The Variety article gives a fairly good summary, but this one feels personal.
Let’s start with Targets, a film I always talk up. It’s Peter Bogdanovich’s first film that happened because Corman had some unused footage with Jack Nicholson and Boris Karloff, and Karloff still owed him a few days of shooting for a contract. Corman told Bogdanovich if he could work those two things in, he could make a picture.
There’s also the careers he helped start or rejuvenate:
After “Little Shop of Horrors” in 1960, Corman convinced Arkoff to bankroll some more ambitious projects, in particular, a series of films based on the works of one of Corman’s favorite authors, Edgar Allan Poe.

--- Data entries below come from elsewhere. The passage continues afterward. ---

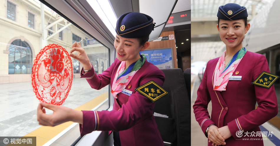 2017年1月21日,青島客運(yùn)段北京動(dòng)車隊(duì)的90后列車長(zhǎng)白俊來(lái)在即將駛離的春運(yùn)列車上貼窗花。白俊來(lái)為青島客運(yùn)段“五朵金花”列車長(zhǎng)之一,今年的春節(jié)是白俊來(lái)在春運(yùn)列車中的第七個(gè)春節(jié),她已經(jīng)連續(xù)七年未能在蘭州老家陪父母過(guò)一次團(tuán)聚的年三十。今年元月,白俊來(lái)同24位青島客運(yùn)段優(yōu)秀勞務(wù)工被濟(jì)南鐵路局轉(zhuǎn)為正式職工。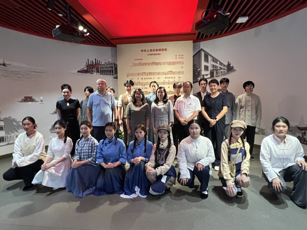 作为承办单位之一,学校深入探索“艺术+思政”育人新路径,依托专业教学优势,师生全程参与剧目创排与演出。通过实景沉浸、边走边演的创新形式,将《义勇军进行曲》诞生的历史过程转化为鲜活思政课堂,不仅面向大学生,也为广大中小学生提供了生动的爱国主义教育实践场域,生动诠释抗日民族统一战线的伟大精神内涵,实现情感共鸣与价值引领的双重效果,展现了我校师生深厚的艺术素养与社会责任担当,彰显了课程思政与红色文化融合育人的显著成效。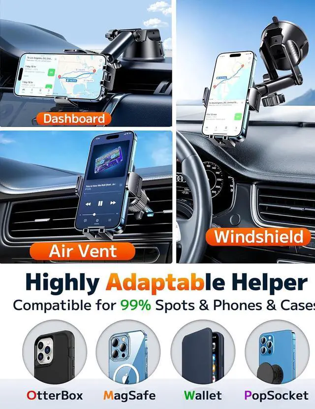 Versatile Car Phone Mount: Cell phone car mount boasts premium suction strength and an upgraded air vent clip allowing for flexible installation options on windshields dashboards and air vents.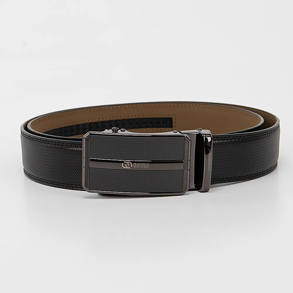 Мужской кожаный ремень от торговой марки Francesco Molinary из натуральной кожи коричневого цвета. Модель с металлической пряжкой-автомат и шлевкой. Ширина: 3,3 см, длина: 111-115 см. Размер: M.

The horror series, which starting with “The Fall of the House of Usher” in 1960, spawned eight low-budget hits including “The Tomb of Ligeia” and “The Masque of Red Death.” They revived the careers of Boris Karloff, Vincent Price, Basil Rathbone and Peter Lorre and became classics of a kind.
During the same period he was giving unknown actors like Ellen Burstyn, Nicholson and De Niro, screenwriters like Robert Towne and directors like Scorsese, Demme, Joe Dante and Peter Bogdanovich their starts.
– Variety obituary (emphasis mine)
And he produced plenty of movies I watched during my MST3K/renting horror movies with friends era. I can still quote parts of Death Race 2000.
I don’t think there’s a world where I love movies as much as I do without Roger Corman.